The basic idea of Averaging Argument can be used somewhere else, like in the situation about a collection of some $x$ in the theorem Averaging Argument. Where the set size can be get by solving inequality.

The next exam is quite important, which will be used in the proof of Goldreich-Levin Theorem.

Example 2

Let $f$ be a function $f:\{0,1\}^n\to \{0,1\}^{l(n)}$ and $f^\prime :\{0,1\}^n \times\{0,1\}^n\to \times\{0,1\}^{l(n)}\times \times\{0,1\}^n$ defines as
$$
f^\prime(x,r)=(f(x),r)
$$
where $|x|=|r|$. Let $\mathsf{gl}(x,r)=\bigoplus_{i=1}^n x_i\cdot r_i$.

Suppose there exists a $\mathsf{PPT}$ algorithm $\mathcal A$ that running time $t$ and satisfy
$$
\Pr\limits_{
x\overset $\leftarrow\{0,1\}^n \\
r\overset $\leftarrow\{0,1\}^n
} [\mathcal A(f(x),r)=\mathsf{gl}(x,r)]\geq\frac 1 2+\varepsilon(n)
$$
Then there exists a set $\mathcal S_n\in\{0,1\}^n$ of size at least $\frac{\varepsilon(n)}2\cdot 2^n$ such that for every $x\in \mathcal S_n$ it holds that
$$
\Pr\limits_{x\overset $\leftarrow \mathcal S_n\ r\overset $ \leftarrow \{0,1\}^n}[\mathcal A(f(x),r)=\mathsf{gl}(x,r)]\geq \frac 1 2+\frac{\varepsilon (n)} 2
$$

Proof: Still we keep in mind the inversible pigeonholes. We have “1” pigeonholes. “1” means if we choose a pigeonhole uniformly at random from all the pigeonholes then we have probability “1” that we chosen from the set of all pigeonholes… This is the verbose, since there are cases that the probability is less than “1”.

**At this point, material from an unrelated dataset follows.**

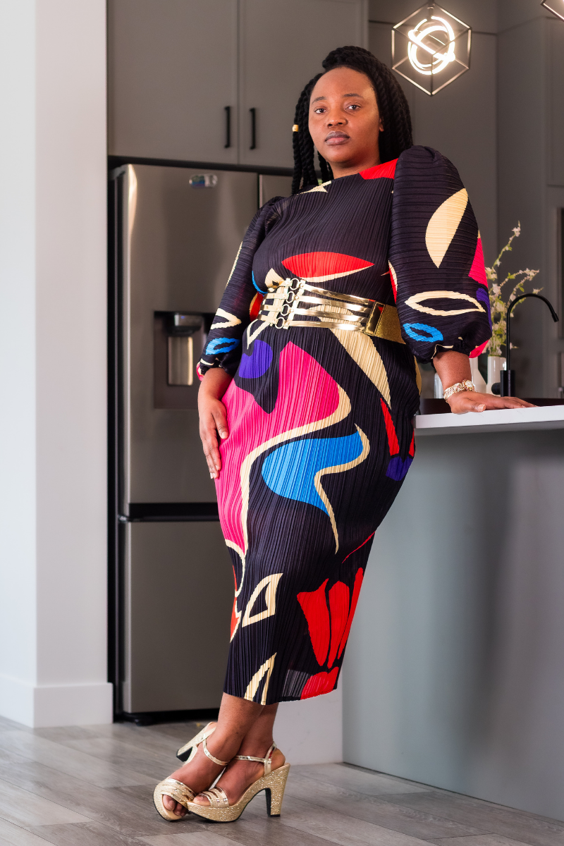 Step into effortless artistry with the Aurora Abstract Midi Dress, a statement piece that blends bold color with fluid design. Featuring a sculptural abstract print in vibrant jewel tones, this dress exudes confidence and creativity. The pleated texture creates subtle movement, while the tailored midi silhouette flatters with timeless elegance. Designed with voluminous sleeves and a relaxed fit, it transitions seamlessly from gallery showings to evening soirées—wherever you want to make an impression.

We assume we have probability $p$ to choose from $\mathcal S_n$ and then we have probability $(1-p)$ to choose from $\overline{\mathcal S_n}=\{0,1\}^n-\mathcal S_n$. We want to evaluate the least size of $\mathcal S_n$, so we make the things we wish($\Pr[\mathcal A(f(x),r)=\mathsf{gl}(x,r)]$) to happen as frequent as posible, that is the probability $1$. As for cases in $\overline{\mathcal S_n}$, by the assumption made it has to happen with probability as least $\frac 1 2+\frac{\varepsilon (n)} 2$, then we have
$$
\frac 1 2 \leq \Pr\limits_{r\overset $ \leftarrow \{0,1\}^n}[\mathcal A(f(x),r)=\mathsf{gl}(x,r)] \leq p\times 1+(1-p)\times (\frac 1 2+\frac{\varepsilon (n)} 2)\leq p+\frac 1 2+\frac{\varepsilon(n)}{2}
$$
By solving the inequality
$$
p\geq \frac{\varepsilon (n)}2
$$
Then we have
$$
|\mathcal S_n|\geq \frac{\varepsilon(n)}2\cdot 2^n
$$

Exercise

Prove Example 2 by using Markov Inequality.